*What is needed:* Although the entries contain pictures, only their text goes into the copy, set down exactly.

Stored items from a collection
- Opening Delimiter -

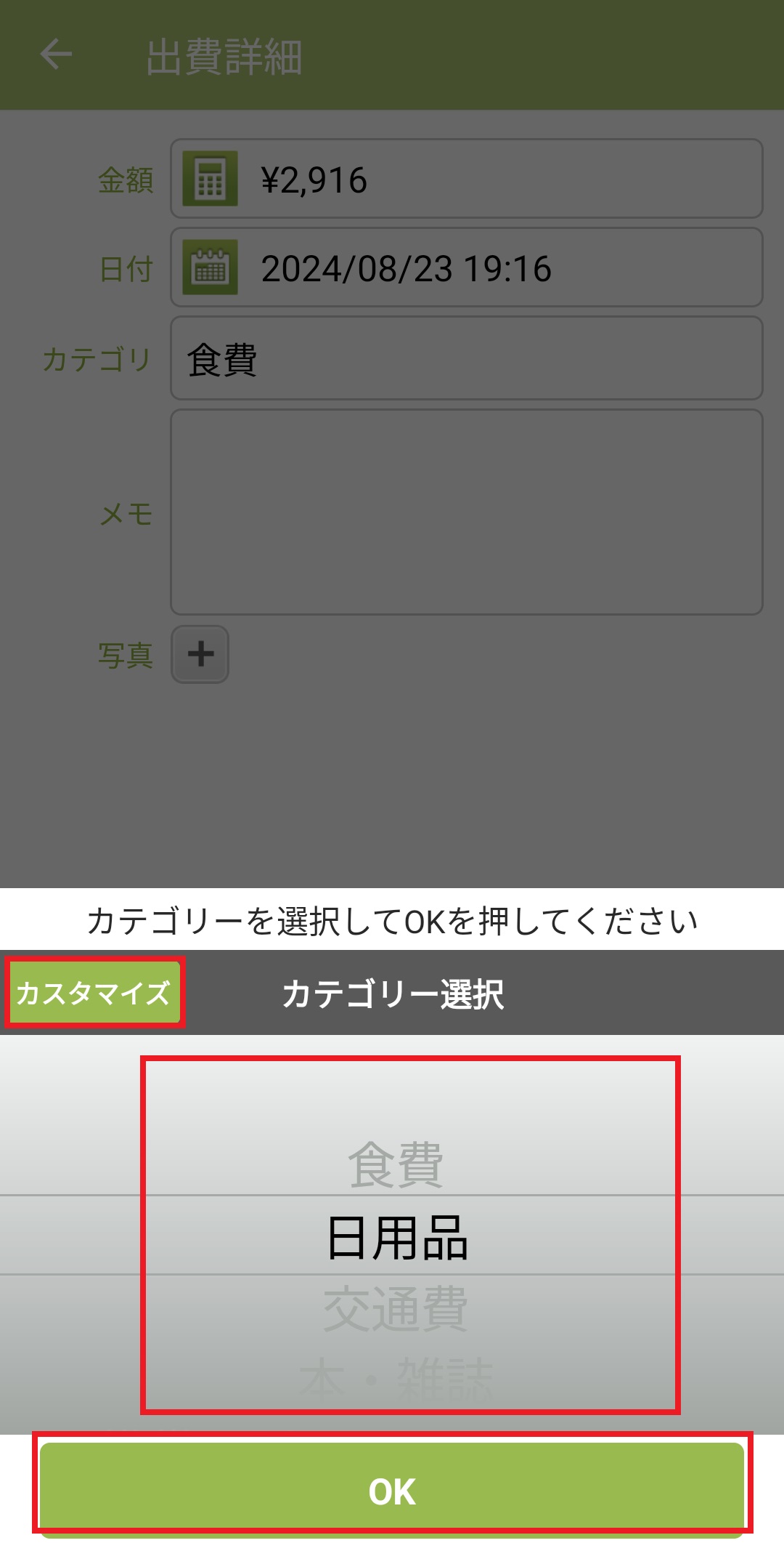 ※カテゴリー選択画面左上の「カスタマイズ」を押していただくとカテゴリー自体の編集が可能です。
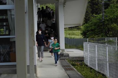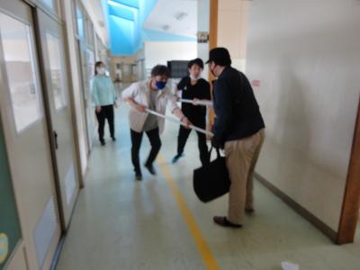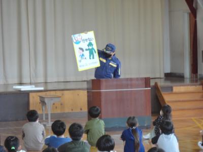 普段は校舎の出入口を全て施錠しているのですが、たまたまうっかり開いていた通用口から不審者が侵入してしまったという設定で、教職員による対応、子どもたちの避難の訓練をしました。大信駐在所の橋本さんの迫真の演技により、緊張感が自ずと高まり、一人一人が真剣に取り組むことができました。
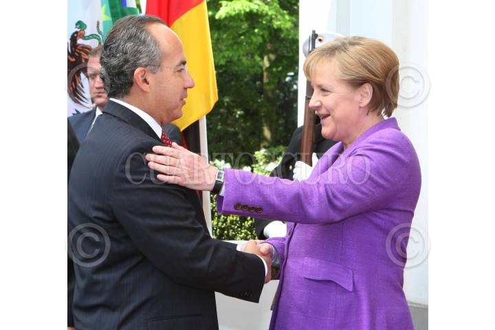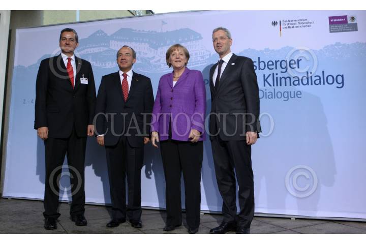 BONN, ALEMANIA, 02MAYO2010.- Juan Rafael Elvira Quesada, secretario del Medio Ambiente y el presidente de México, Felipe Calderón Hinojosa; durante un encuentro bilateral con la canciller de este país, Angela Merkel (acompañada por un colaborador). FOTO: ALFREDO GUERRERO/CUARTOSCURO.COM
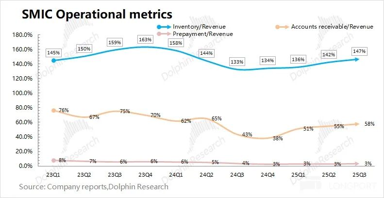Considering the relationship between inventory & accounts receivable and revenue in the balance sheet, the inventory-to-revenue and accounts receivable-to-revenue ratios were 147% and 58%, respectively, this quarter. From an operational indicator perspective, SMIC's inventory share has increased. The company typically ramps up inventory in the third quarter, and overall, it remains at a relatively reasonable level.
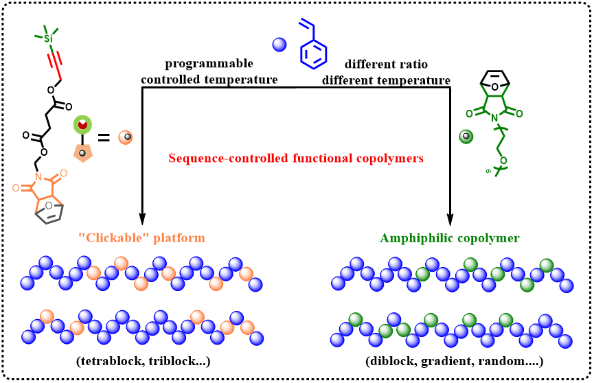 我们课题组之前已经提出了休眠单体策略以合成序列可控聚合物,但是我们采用的多是小分子单体,马来酰亚胺在聚合物中的分布对聚合物的性能影响并不是很突出。在本工作中,我们设计并合成了含有“可点击”基团或亲水性基团的功能性马来酰亚胺,并通过休眠单体策略成功合成了高级的序列可控功能性聚合物,并探索了亲水性单体对聚合物热性能的影响。首先,我们通过更高级多变的程序控温成功合成了具有“可点击”基团的高级序列控制聚合物(三嵌段共聚物,四嵌段共聚物)。并通过一系列测试表征(核磁氢谱,体积排除色谱,大分子质谱)证明了其序列结构。这部分工作再次验证了休眠单体策略在序列可控聚合物合成中的强大可行性,并且“可点击”基团的存在为我们将来引入其他功能性基团提供了可能。为了更加客观地研究序列对聚合物性能的影响,我们使用六甘醇单甲醚作为亲水基团合成了相应的休眠单体FHME,并通过改变聚合温度或者使用程序控温来制备具有不同序列的两亲性共聚物(包括二嵌段共聚物,梯度共聚物和无规共聚物);还通过改变初始单体投料比来制备具有不同HME含量的序列可控共聚物。最后,在对所制备的序列可控聚合物的热性能的初步研究中,我们发现聚合物中亲水性单体的含量和分布对聚合物的热性能有着显著的影响。这些初步发现将促使我们在以后的工作中进一步探索序列可控聚合物结构与性质之间关系。
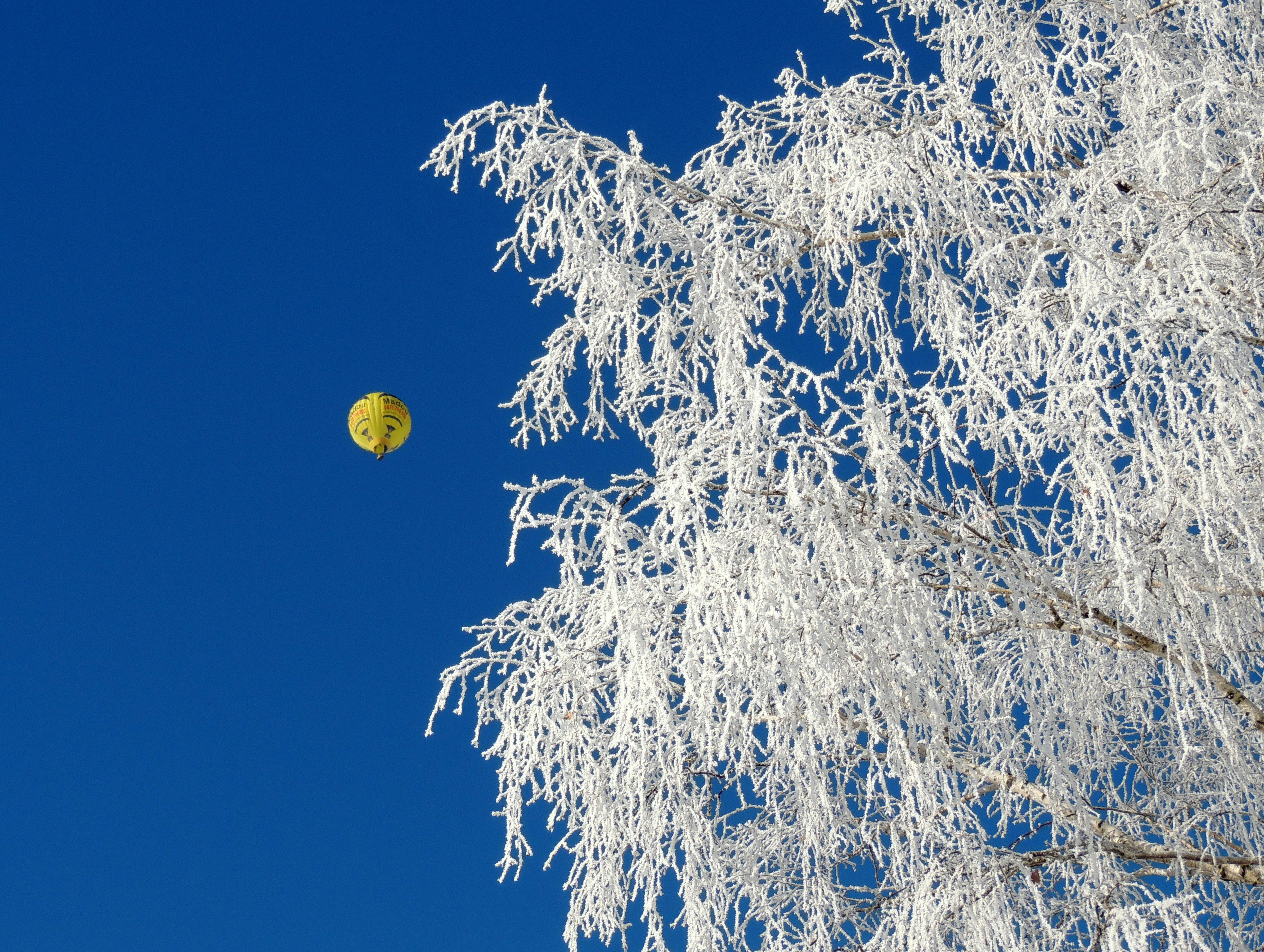 Yellow hot air balloon floats above snowy trees in Walchsee, Tirol, under a clear blue winter sky.
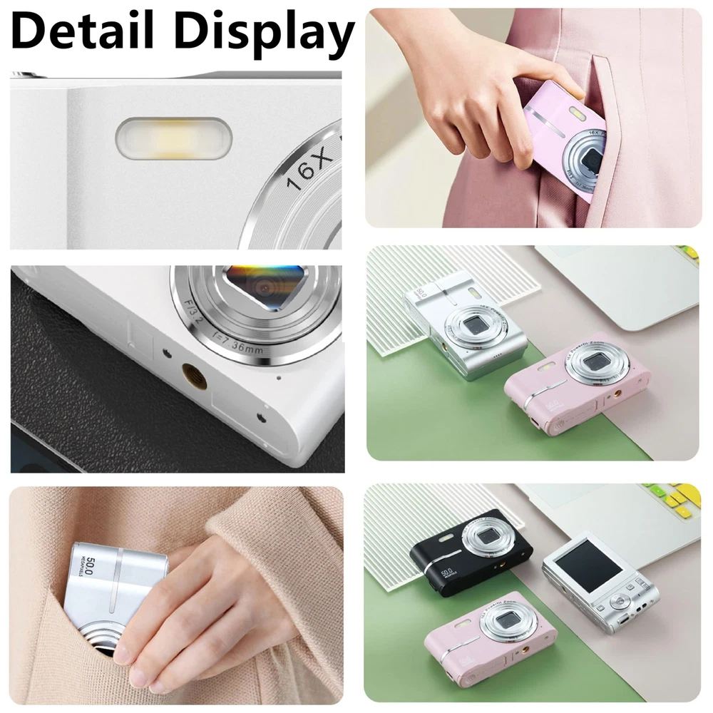 Digital Camera FHD 4K 50MP with 32GB Card 16X Zoom Anti Shake Compact Portable Small Cameras for Photography Point and Shoot Camera Gift for Student Teen Beginner (Pink) Description 50MP with 32GB Card 16X Zoom Anti Shake Compact Portable Small Cameras Features: Designed for Camera Beginner, teens, this point-and-shoot digital camera requires no intricate setup. With features like self-timer, continuous shooting, time-lapse, automatic recognition and various filters and scene modes etc. This digital camera fhd lets you unleash your creativity and take photos that stand out. Ideal for nurturing people's interest in photography and crafting delightful moments with family and friends. With 4K FHD video resolution and 50 Megapixels photo pixels, this compact digital camera 4k ensures high-quality image clarity and captures unforgettable moments. The point and shoot camera is equipped with an enlarged 2.4 inch HD display screen, which is convenient for taking photos and watching videos. A 32GB memory card is included to record the beautiful moments around you at any time. No need to remove the battery for charging; simply use the included USB-C charging cable to charge your compact digital camera anytime, anywhere. With its long-lasting, high-capacity battery, this small digital camera allows you to shoot all day without worrying about running out of power. Its pocket-sized, lightweight design ensures it's always ready to accompany you on your travels or daily adventures.You can also set automatic shutdown to save more power when you don't need to use it, Special mini-size design to easily handheld, this point and shoot camera is small and lightweight, fits in Teen's hands perfectly. Comes with a lanyard hang, it's portable for them to carry and move, and compact for travel and camp. The clear simple settings and features of the small portable digital camera make it easy for them to figure out and use themself. Use the provided USB-C cable to swiftly download pictures and videos to your computer. Alternatively, you can utilize an card reader to transfer pictures and videos from the camera's card to your phone for convenient sharing on social media.Whether it's Beginner's first camera or a thoughtful surprise for a best friend, it's an excellent choice. Ideal for gifting on holidays like Christmas and Thanksgiving, as well as for birthdays, graduations, and Valentine's Day. Package list:Digital camera, 32G SD card, lanyard, storage bag, Instruction manual, converter, cable, Card Reader Product Details: Compatible Mountings: Micro Four Thirds Aspect Ratio: 1.33:1 Photo Sensor Technology: CMOS Supported File Format: MP4 Image Stabilization: 光学 Optical Zoom: 4 x Expanded ISO Minimum: 100 Brand: Vlmazlm Model Name: digital cameras Maximum Webcam Image Resolution: 4096 MP Optical Zoom: 4 x Lens Type: Macro Battery Average Life: 2 Hours Photo Sensor Resolution: 4096 MP Sensor Type: CMOS Viewfinder: Optical Expanded ISO Maximum: 25600 Expanded ISO Minimum: 100 Battery Cell Type: Lithium Image stabilization: 光学 Battery Weight: 30 Grams Color: Pink Battery Capacity: 600 Amp Hours Skill Level: Novice Compatible Mountings: Micro Four Thirds Video Resolution: 1080p Number of Batteries: 1 9V batteries required. (included) Battery Type: Lithium Ion Photo Sensor Size: 1/3.2-inch Form Factor: Compact Flash Memory Type: SD Connectivity Technology: USB, Micro USB Built-In Media: Camera Body & Accessories Age Range Description: Youth Model Name: digital cameras Remote Included: No Model Number: 01215 Brand: Vlmazlm Are Batteries Included: Yes Display Type: LCD Screen Size: 2.4 Inches Auto Focus Technology: Contrast Detection Aspect Ratio: 1.33:1 Effective Still Resolution: 48 MP File Format: MP4 Handling We will ship all orders within 3 business days of payment. Delivery We do not ship outside of the Continental US. Feedback We take our reputation seriously, we buy and sell online, so we understand the value of trust. If you are unsatisfied with your order, please contact us and we will work with you to resolve it to your satisfaction.
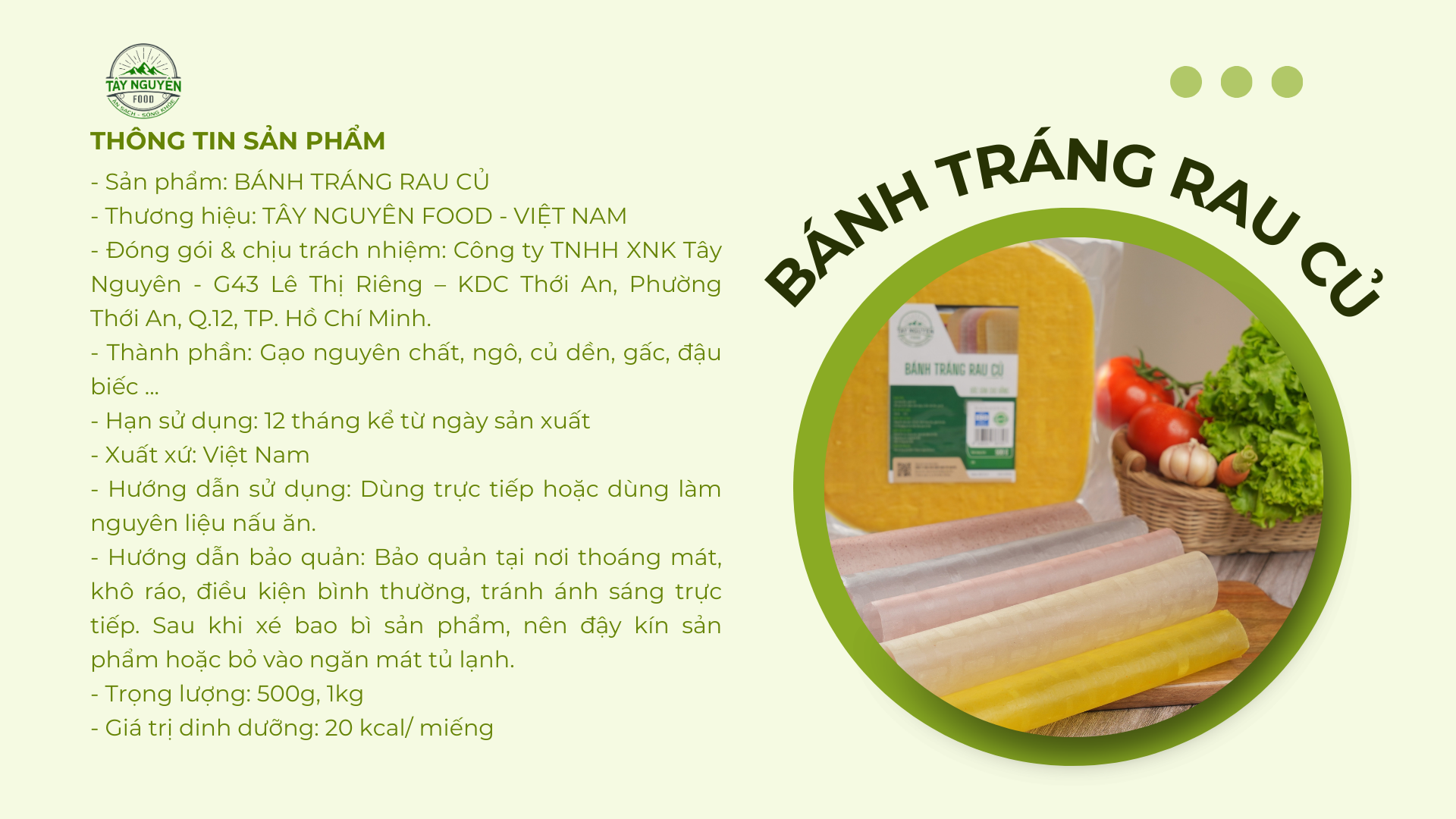 - Sản phẩm: BÁNH TRÁNG RAU CỦ

- Closing Delimiter -

*Reply to the exercise:*
 ※カテゴリー選択画面左上の「カスタマイズ」を押していただくとカテゴリー自体の編集が可能です。
 普段は校舎の出入口を全て施錠しているのですが、たまたまうっかり開いていた通用口から不審者が侵入してしまったという設定で、教職員による対応、子どもたちの避難の訓練をしました。大信駐在所の橋本さんの迫真の演技により、緊張感が自ずと高まり、一人一人が真剣に取り組むことができました。
 BONN, ALEMANIA, 02MAYO2010.- Juan Rafael Elvira Quesada, secretario del Medio Ambiente y el presidente de México, Felipe Calderón Hinojosa; durante un encuentro bilateral con la canciller de este país, Angela Merkel (acompañada por un colaborador). FOTO: ALFREDO GUERRERO/CUARTOSCURO.COM
Considering the relationship between inventory & accounts receivable and revenue in the balance sheet, the inventory-to-revenue and accounts receivable-to-revenue ratios were 147% and 58%, respectively, this quarter. From an operational indicator perspective, SMIC's inventory share has increased. The company typically ramps up inventory in the third quarter, and overall, it remains at a relatively reasonable level.
 我们课题组之前已经提出了休眠单体策略以合成序列可控聚合物,但是我们采用的多是小分子单体,马来酰亚胺在聚合物中的分布对聚合物的性能影响并不是很突出。在本工作中,我们设计并合成了含有“可点击”基团或亲水性基团的功能性马来酰亚胺,并通过休眠单体策略成功合成了高级的序列可控功能性聚合物,并探索了亲水性单体对聚合物热性能的影响。首先,我们通过更高级多变的程序控温成功合成了具有“可点击”基团的高级序列控制聚合物(三嵌段共聚物,四嵌段共聚物)。并通过一系列测试表征(核磁氢谱,体积排除色谱,大分子质谱)证明了其序列结构。这部分工作再次验证了休眠单体策略在序列可控聚合物合成中的强大可行性,并且“可点击”基团的存在为我们将来引入其他功能性基团提供了可能。为了更加客观地研究序列对聚合物性能的影响,我们使用六甘醇单甲醚作为亲水基团合成了相应的休眠单体FHME,并通过改变聚合温度或者使用程序控温来制备具有不同序列的两亲性共聚物(包括二嵌段共聚物,梯度共聚物和无规共聚物);还通过改变初始单体投料比来制备具有不同HME含量的序列可控共聚物。最后,在对所制备的序列可控聚合物的热性能的初步研究中,我们发现聚合物中亲水性单体的含量和分布对聚合物的热性能有着显著的影响。这些初步发现将促使我们在以后的工作中进一步探索序列可控聚合物结构与性质之间关系。
 Yellow hot air balloon floats above snowy trees in Walchsee, Tirol, under a clear blue winter sky.
 Digital Camera FHD 4K 50MP with 32GB Card 16X Zoom Anti Shake Compact Portable Small Cameras for Photography Point and Shoot Camera Gift for Student Teen Beginner (Pink) Description 50MP with 32GB Card 16X Zoom Anti Shake Compact Portable Small Cameras Features: Designed for Camera Beginner, teens, this point-and-shoot digital camera requires no intricate setup. With features like self-timer, continuous shooting, time-lapse, automatic recognition and various filters and scene modes etc. This digital camera fhd lets you unleash your creativity and take photos that stand out. Ideal for nurturing people's interest in photography and crafting delightful moments with family and friends. With 4K FHD video resolution and 50 Megapixels photo pixels, this compact digital camera 4k ensures high-quality image clarity and captures unforgettable moments. The point and shoot camera is equipped with an enlarged 2.4 inch HD display screen, which is convenient for taking photos and watching videos. A 32GB memory card is included to record the beautiful moments around you at any time. No need to remove the battery for charging; simply use the included USB-C charging cable to charge your compact digital camera anytime, anywhere. With its long-lasting, high-capacity battery, this small digital camera allows you to shoot all day without worrying about running out of power. Its pocket-sized, lightweight design ensures it's always ready to accompany you on your travels or daily adventures.You can also set automatic shutdown to save more power when you don't need to use it, Special mini-size design to easily handheld, this point and shoot camera is small and lightweight, fits in Teen's hands perfectly. Comes with a lanyard hang, it's portable for them to carry and move, and compact for travel and camp. The clear simple settings and features of the small portable digital camera make it easy for them to figure out and use themself. Use the provided USB-C cable to swiftly download pictures and videos to your computer. Alternatively, you can utilize an card reader to transfer pictures and videos from the camera's card to your phone for convenient sharing on social media.Whether it's Beginner's first camera or a thoughtful surprise for a best friend, it's an excellent choice. Ideal for gifting on holidays like Christmas and Thanksgiving, as well as for birthdays, graduations, and Valentine's Day. Package list:Digital camera, 32G SD card, lanyard, storage bag, Instruction manual, converter, cable, Card Reader Product Details: Compatible Mountings: Micro Four Thirds Aspect Ratio: 1.33:1 Photo Sensor Technology: CMOS Supported File Format: MP4 Image Stabilization: 光学 Optical Zoom: 4 x Expanded ISO Minimum: 100 Brand: Vlmazlm Model Name: digital cameras Maximum Webcam Image Resolution: 4096 MP Optical Zoom: 4 x Lens Type: Macro Battery Average Life: 2 Hours Photo Sensor Resolution: 4096 MP Sensor Type: CMOS Viewfinder: Optical Expanded ISO Maximum: 25600 Expanded ISO Minimum: 100 Battery Cell Type: Lithium Image stabilization: 光学 Battery Weight: 30 Grams Color: Pink Battery Capacity: 600 Amp Hours Skill Level: Novice Compatible Mountings: Micro Four Thirds Video Resolution: 1080p Number of Batteries: 1 9V batteries required. (included) Battery Type: Lithium Ion Photo Sensor Size: 1/3.2-inch Form Factor: Compact Flash Memory Type: SD Connectivity Technology: USB, Micro USB Built-In Media: Camera Body & Accessories Age Range Description: Youth Model Name: digital cameras Remote Included: No Model Number: 01215 Brand: Vlmazlm Are Batteries Included: Yes Display Type: LCD Screen Size: 2.4 Inches Auto Focus Technology: Contrast Detection Aspect Ratio: 1.33:1 Effective Still Resolution: 48 MP File Format: MP4 Handling We will ship all orders within 3 business days of payment. Delivery We do not ship outside of the Continental US. Feedback We take our reputation seriously, we buy and sell online, so we understand the value of trust. If you are unsatisfied with your order, please contact us and we will work with you to resolve it to your satisfaction.
 - Sản phẩm: BÁNH TRÁNG RAU CỦ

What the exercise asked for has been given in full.